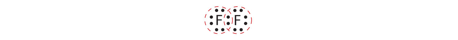 The circles show that each fluorine atom has eight electrons around it. As with hydrogen, we can represent the fluorine molecule with a dash in place of the bonding electrons:
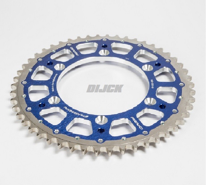 MINO Rear Sprocket Fusion BLUE 50TKTM 125-525 91-25HUSQVARNATC125 14-25TE125 14-25TC250 14-25TE250 14-25FC250 14-25FE250 14-25FC350 14-25FE350 14-25FC450 14-25FE450 14-25GASGASMC125 21-25MCF250 21-25MCF450 21-25TRIUMPHTF-X 250 24-.. TF-X 450 26-..Fusion Tandwiel met Stalen Krans
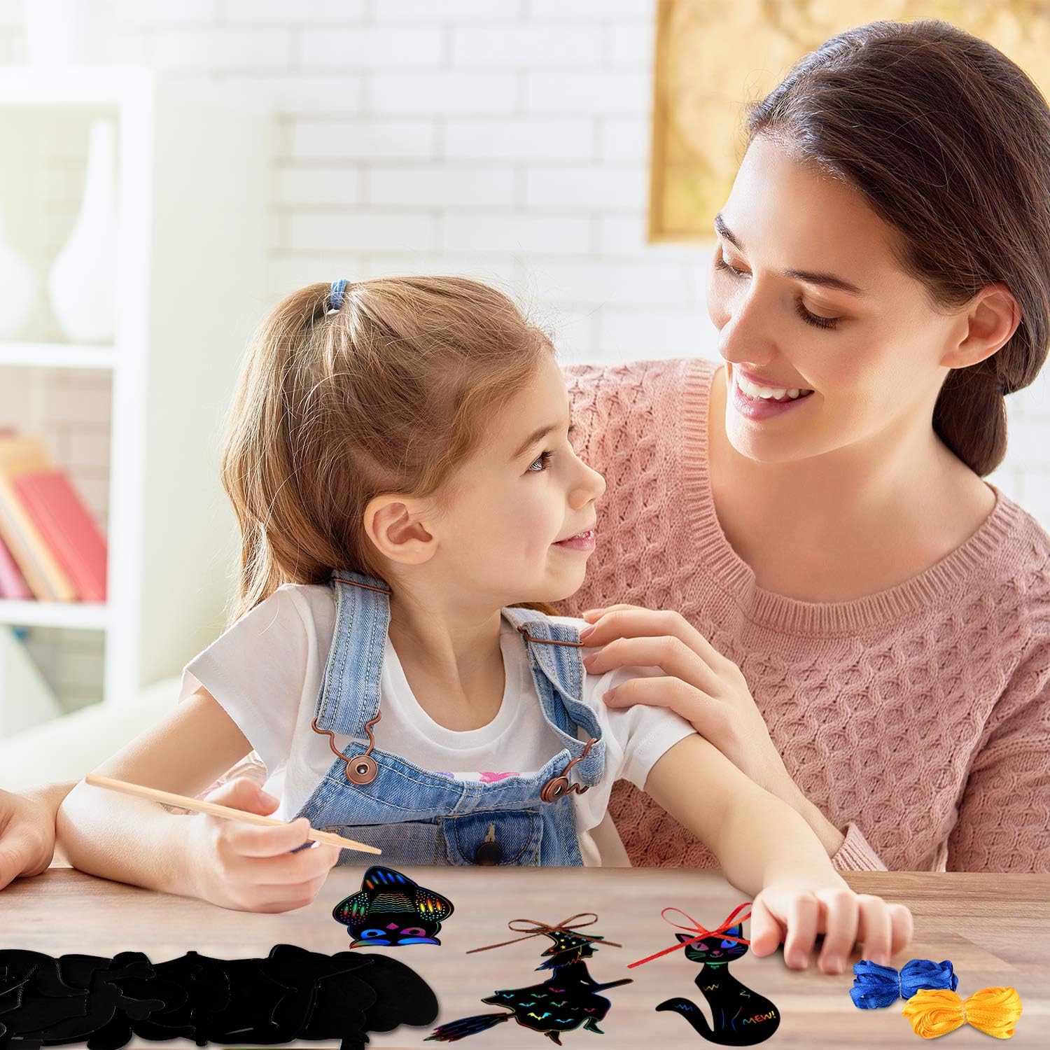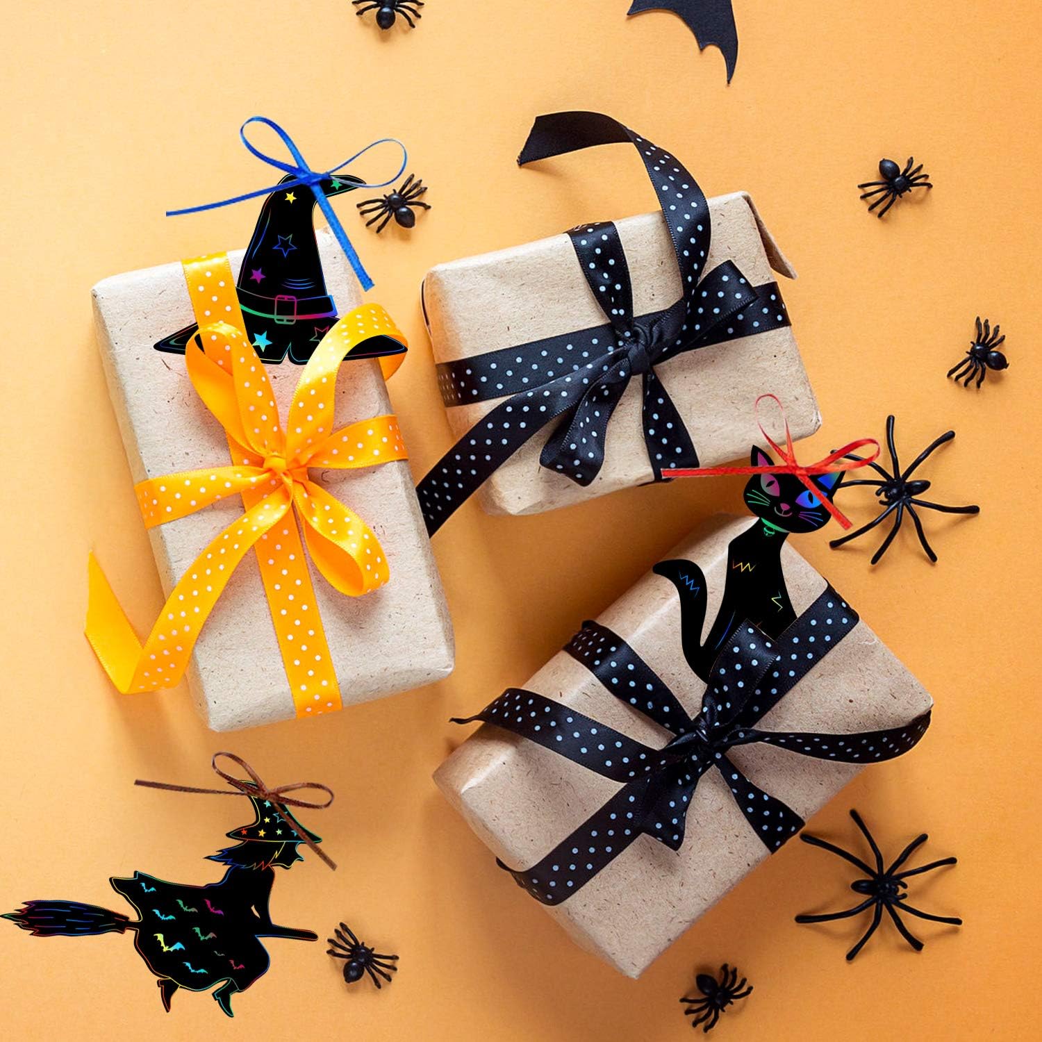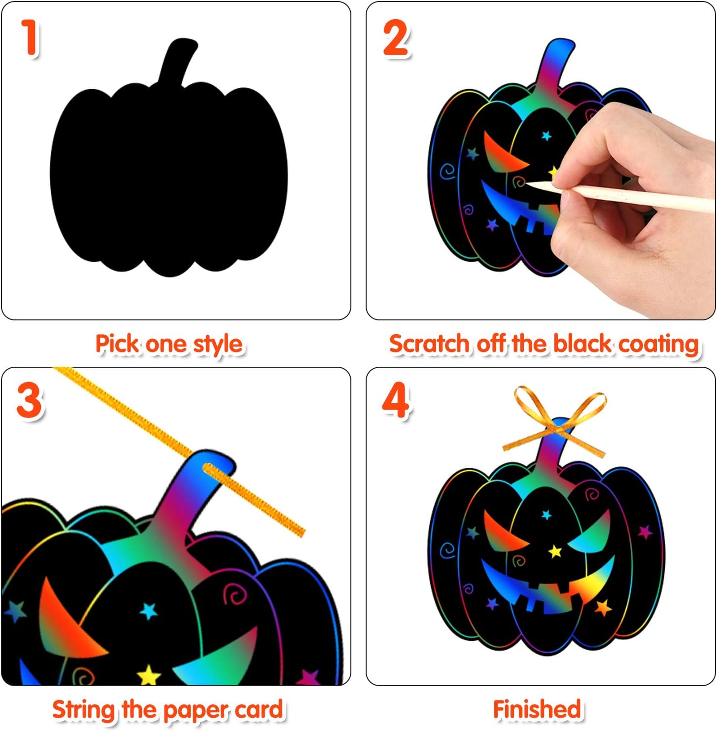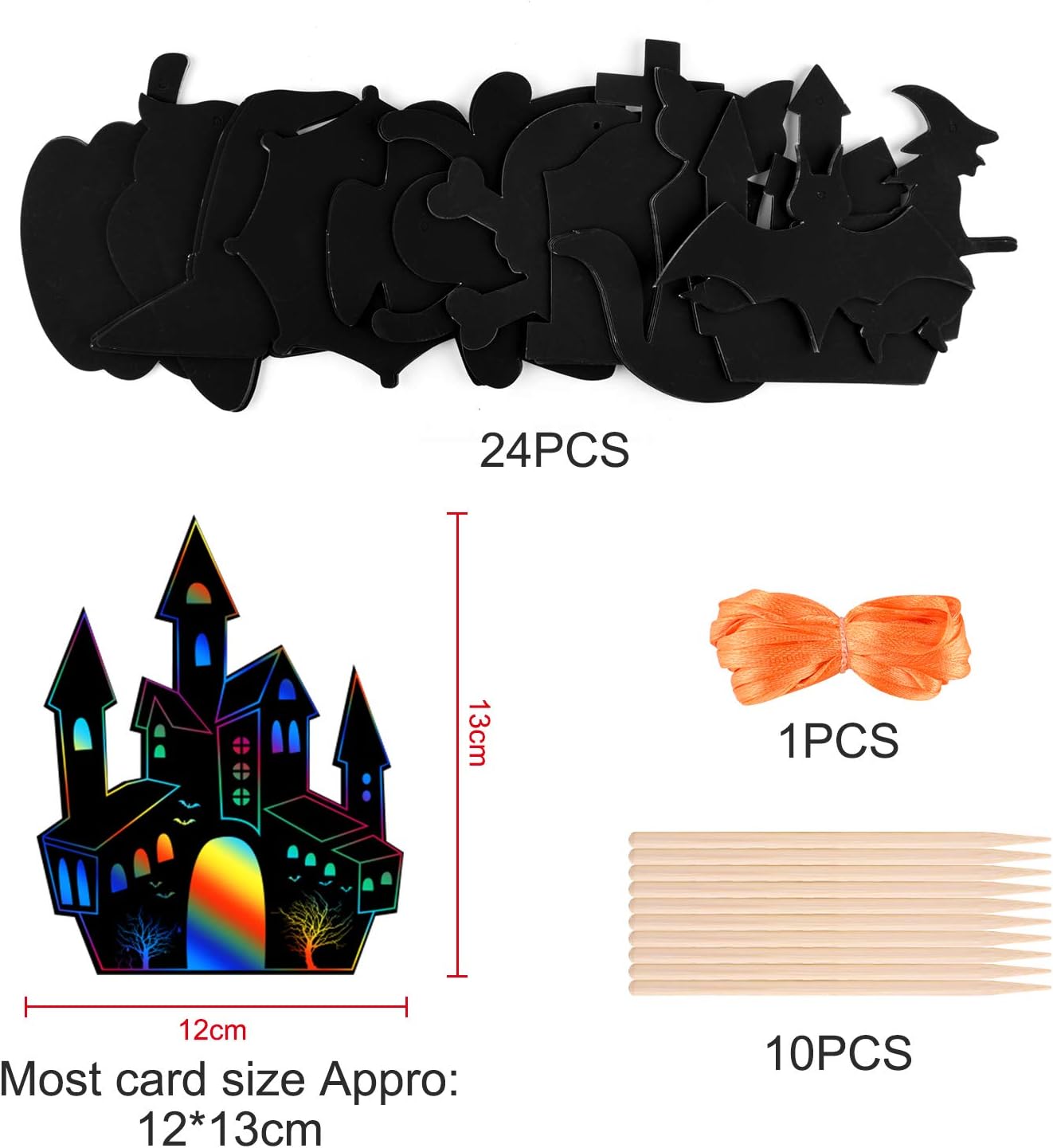 Package: 24 pieces Halloween theme scratch paper in 12 different styles, 8m ribbon and 10 bamboo pens, enough to meet your needs.

TO DO: Take the listing above and retype it exactly. Its pictures are to be omitted.

SOLUTION TO THIS EXERCISE:
 The circles show that each fluorine atom has eight electrons around it. As with hydrogen, we can represent the fluorine molecule with a dash in place of the bonding electrons:
 MINO Rear Sprocket Fusion BLUE 50TKTM 125-525 91-25HUSQVARNATC125 14-25TE125 14-25TC250 14-25TE250 14-25FC250 14-25FE250 14-25FC350 14-25FE350 14-25FC450 14-25FE450 14-25GASGASMC125 21-25MCF250 21-25MCF450 21-25TRIUMPHTF-X 250 24-.. TF-X 450 26-..Fusion Tandwiel met Stalen Krans
 Package: 24 pieces Halloween theme scratch paper in 12 different styles, 8m ribbon and 10 bamboo pens, enough to meet your needs.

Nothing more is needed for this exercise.